→ EXERCISE INSTRUCTIONS: Restate the listing below word for word, omitting any images.

→ DATA SUPPLIED:
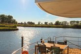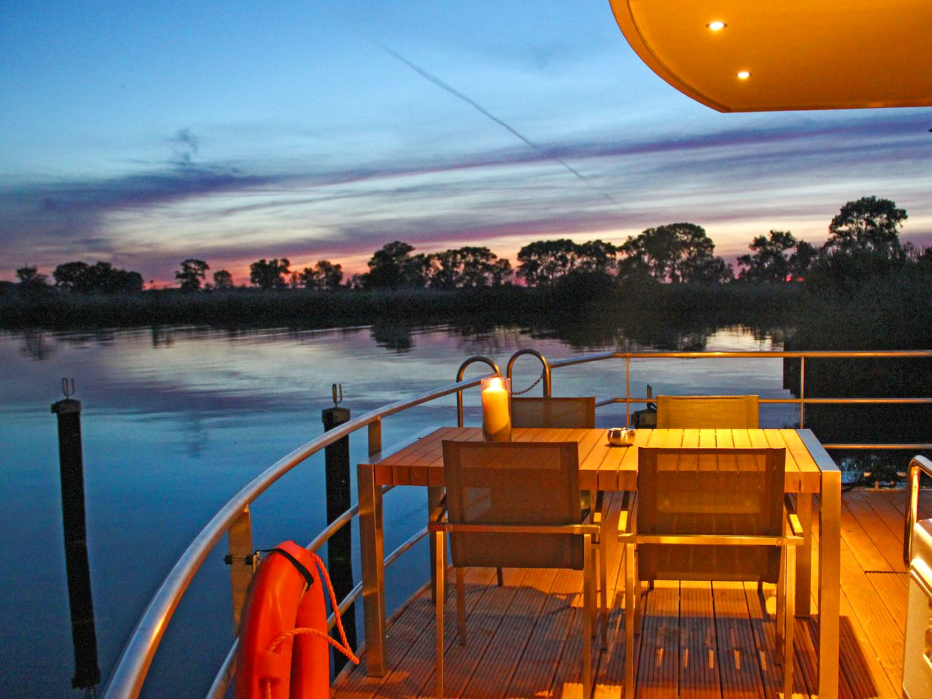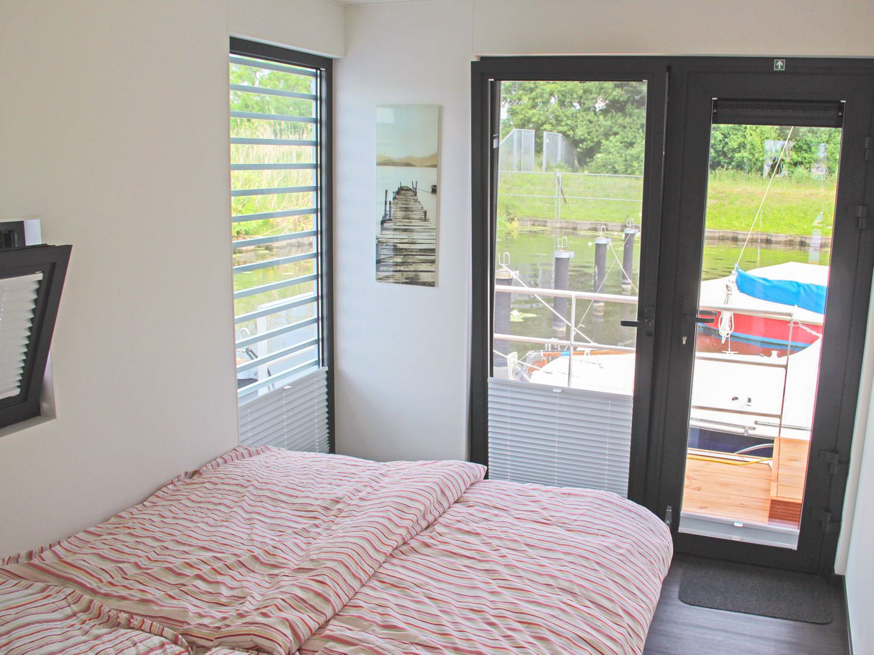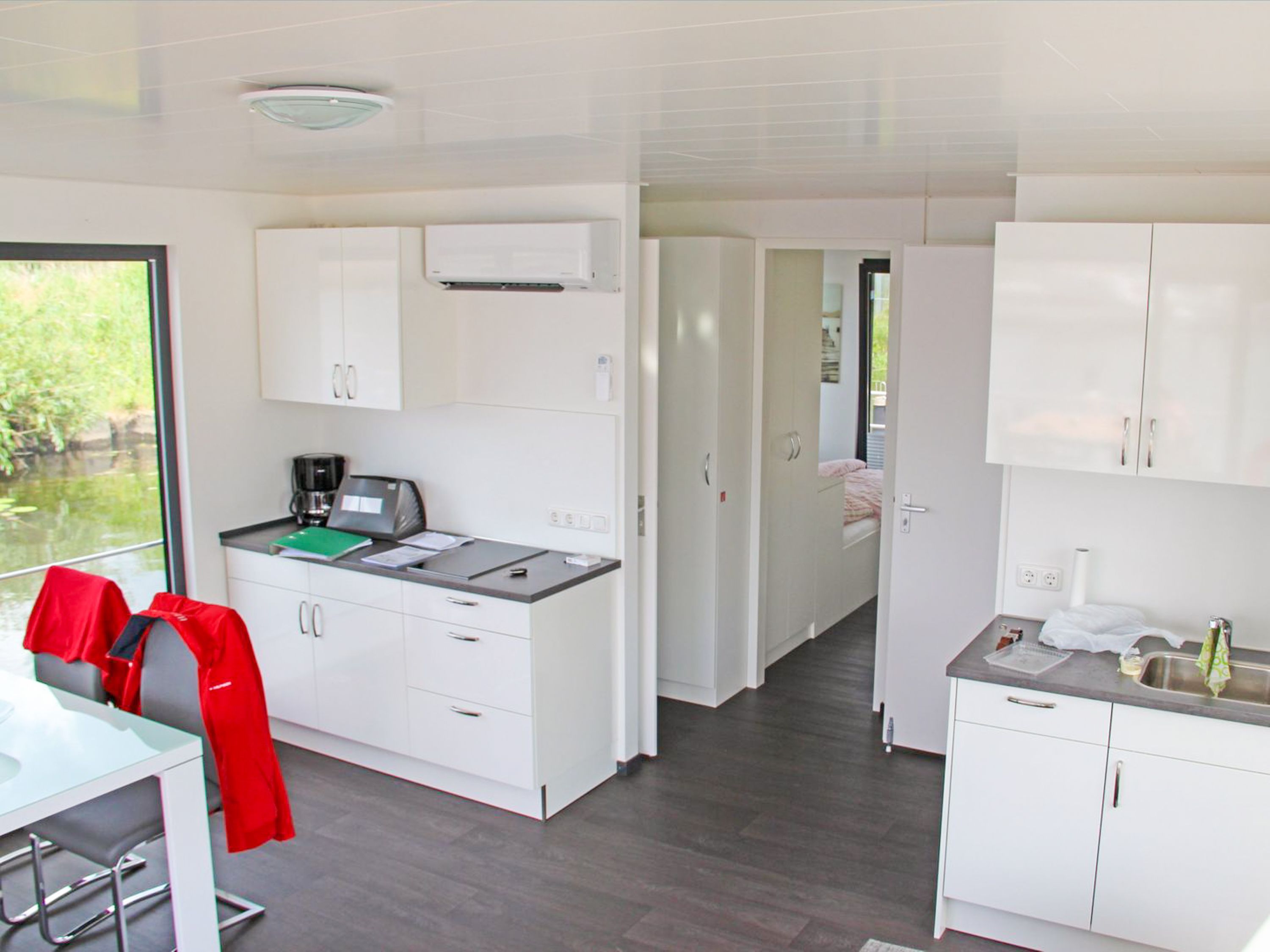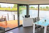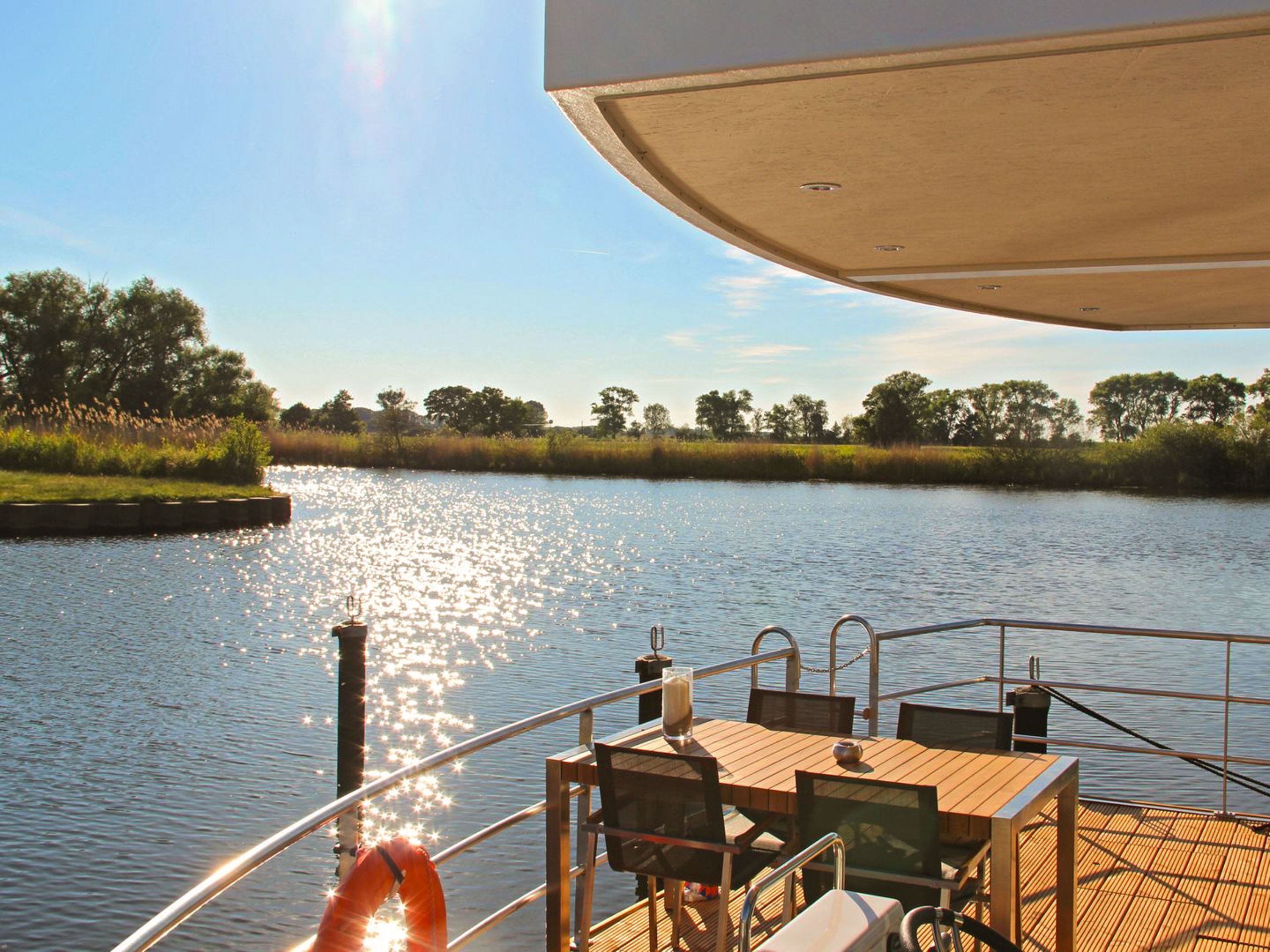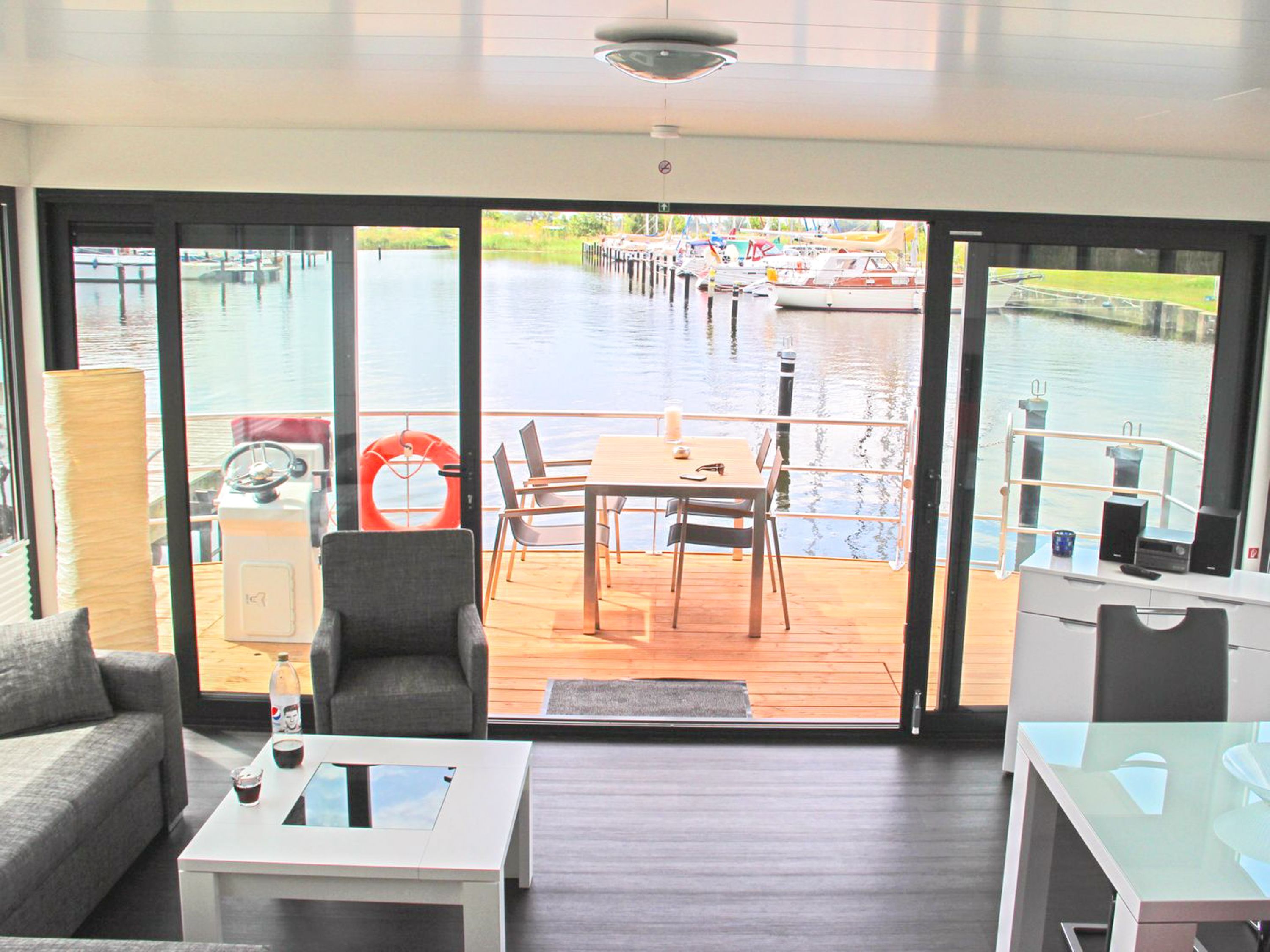 Floating House Undine erwartet dich im Seebad Ueckermünde fest verankert am Rande der Marina, ganz nah am feinsandigen Strand und umgeben von Natur, Wasser und Ruhe. Das modern eingerichtete Hausboot bietet Platz für bis zu 4 Personen und verfügt über zwei separate Schlafzimmer mit Doppelbetten (160x200) perfekt für Paare, Freunde oder kleine Familien. Auf rund 44m² Wohnfläche findest du alles, was du für entspannte Tage auf dem Wasser brauchst. Der lichtdurchflutete Wohnbereich ist offen gestaltet und verbindet die gemütliche Sitzecke mit dem Esstisch und der voll ausgestatteten Küchenzeile. Mikrowelle, Spülmaschine, Ceran-Kochfeld, Kühlschrank, Kaffeemaschine, Toaster, Wasserkocher alles ist da, um dich rundum zu versorgen. Das Badezimmer mit Dusche und das separate WC mit Waschtisch sorgen für zusätzlichen Komfort. Draußen erwarten dich gleich zwei ganz besondere Plätze: eine 15m² große Terrasse am Bug und das 25m² große Sonnendeck auf dem Dach dein privates Plätzchen für Morgenkaffee, Sonnenstunden oder den Blick aufs Wasser, wenn die Dämmerung einsetzt. Für Unterhaltung an Bord sorgen ein Sat-TV auf Flatscreen, DVD-Player, Radio und CD-Player. Das gesamte Hausboot ist mit einer Klimaanlage mit Warmluftfunktion ausgestattet, sodass du es dir zu jeder Tageszeit gemütlich machen kannst. Ein kleiner, gut erzogener Hund darf mit an Bord. Dein Auto parkst du ganz bequem direkt am Hafen. Das Floating House Undine ist von Frühjahr bis Herbst buchbar, jeweils in der frostfreien Zeit.
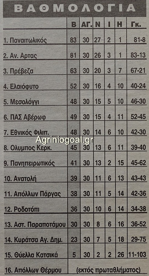 Ο Παναιτωλικός δεν είχε κανένα απολύτως πρόβλημα να πάρει τη νίκη απέναντι στην Ανατολή και κατάκτησε την πρώτη θέση του ομίλου. Δεύτερη η Αναγέννηση Άρτας, η οποία πλήρωσε το «στραβοπάτημα» της περασμένης αγωνιστικής' με το Ροδοτόπι και τώρα θα διεκδικήσει την άνοδο στα μπαράζ. Παρελθόν από το Περιφερειακό Πρωτάθλημα αποτελούν ο Αστέρας Παραποτάμου, η Κυράτσα Αγίου Δημητρίου, η Θύελλα Κατσικά και ο Απόλλωνας Θέρμου.
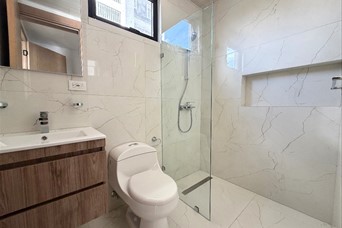SERRALLES Apartamento Nuevo en Moderna Torre con ubicación estratégica. ALQUILER CON LINEA BLANCA US$1,200 65 metros 1 habitación 1.5 baños Balcón Cocina con desayunador Área de lavado 1 parqueo Amenidades: Piscina Gimnasio Terraza Área infantil Lobby Amueblado Ascensores Planta Eléctrica Full
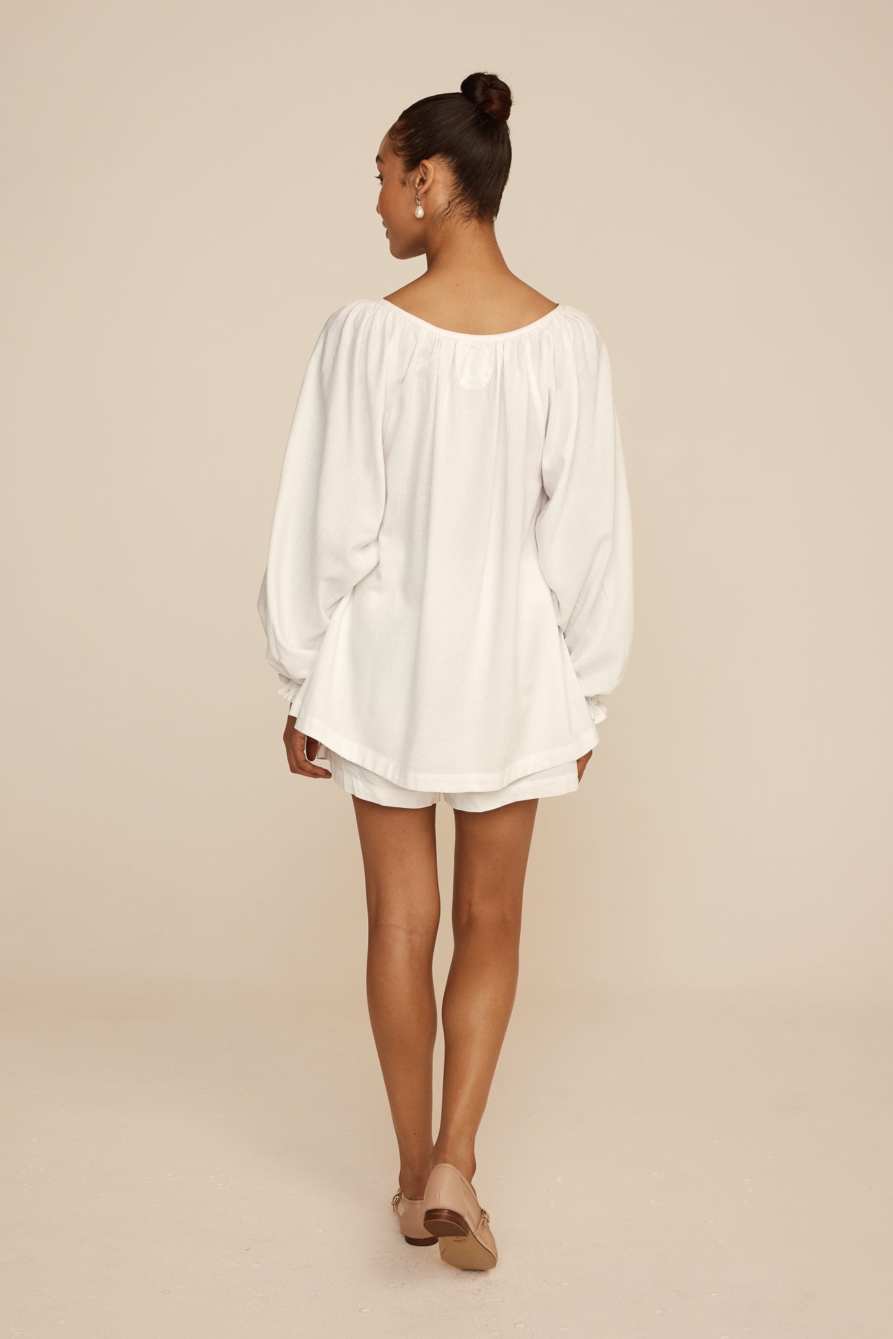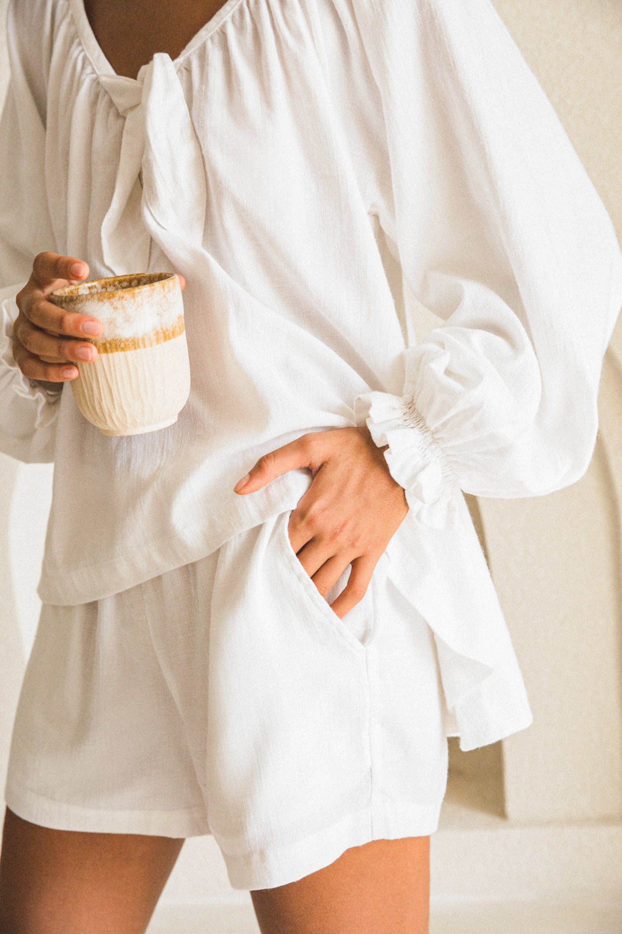 The Heidi Set is romantic lounge set, made for relaxing in style. Featuring a puffy sleeve swing top and matching shorts in new Lyocell Linen fabric.
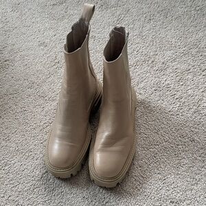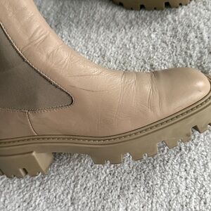 Zara Leather Boots Ecru Ivory Track Soles Chelsea EU36 Chunky Sole Boots

→ RESPONSE TO THIS EXERCISE:
 Floating House Undine erwartet dich im Seebad Ueckermünde fest verankert am Rande der Marina, ganz nah am feinsandigen Strand und umgeben von Natur, Wasser und Ruhe. Das modern eingerichtete Hausboot bietet Platz für bis zu 4 Personen und verfügt über zwei separate Schlafzimmer mit Doppelbetten (160x200) perfekt für Paare, Freunde oder kleine Familien. Auf rund 44m² Wohnfläche findest du alles, was du für entspannte Tage auf dem Wasser brauchst. Der lichtdurchflutete Wohnbereich ist offen gestaltet und verbindet die gemütliche Sitzecke mit dem Esstisch und der voll ausgestatteten Küchenzeile. Mikrowelle, Spülmaschine, Ceran-Kochfeld, Kühlschrank, Kaffeemaschine, Toaster, Wasserkocher alles ist da, um dich rundum zu versorgen. Das Badezimmer mit Dusche und das separate WC mit Waschtisch sorgen für zusätzlichen Komfort. Draußen erwarten dich gleich zwei ganz besondere Plätze: eine 15m² große Terrasse am Bug und das 25m² große Sonnendeck auf dem Dach dein privates Plätzchen für Morgenkaffee, Sonnenstunden oder den Blick aufs Wasser, wenn die Dämmerung einsetzt. Für Unterhaltung an Bord sorgen ein Sat-TV auf Flatscreen, DVD-Player, Radio und CD-Player. Das gesamte Hausboot ist mit einer Klimaanlage mit Warmluftfunktion ausgestattet, sodass du es dir zu jeder Tageszeit gemütlich machen kannst. Ein kleiner, gut erzogener Hund darf mit an Bord. Dein Auto parkst du ganz bequem direkt am Hafen. Das Floating House Undine ist von Frühjahr bis Herbst buchbar, jeweils in der frostfreien Zeit.
 Ο Παναιτωλικός δεν είχε κανένα απολύτως πρόβλημα να πάρει τη νίκη απέναντι στην Ανατολή και κατάκτησε την πρώτη θέση του ομίλου. Δεύτερη η Αναγέννηση Άρτας, η οποία πλήρωσε το «στραβοπάτημα» της περασμένης αγωνιστικής' με το Ροδοτόπι και τώρα θα διεκδικήσει την άνοδο στα μπαράζ. Παρελθόν από το Περιφερειακό Πρωτάθλημα αποτελούν ο Αστέρας Παραποτάμου, η Κυράτσα Αγίου Δημητρίου, η Θύελλα Κατσικά και ο Απόλλωνας Θέρμου.
SERRALLES Apartamento Nuevo en Moderna Torre con ubicación estratégica. ALQUILER CON LINEA BLANCA US$1,200 65 metros 1 habitación 1.5 baños Balcón Cocina con desayunador Área de lavado 1 parqueo Amenidades: Piscina Gimnasio Terraza Área infantil Lobby Amueblado Ascensores Planta Eléctrica Full
 The Heidi Set is romantic lounge set, made for relaxing in style. Featuring a puffy sleeve swing top and matching shorts in new Lyocell Linen fabric.
 Zara Leather Boots Ecru Ivory Track Soles Chelsea EU36 Chunky Sole Boots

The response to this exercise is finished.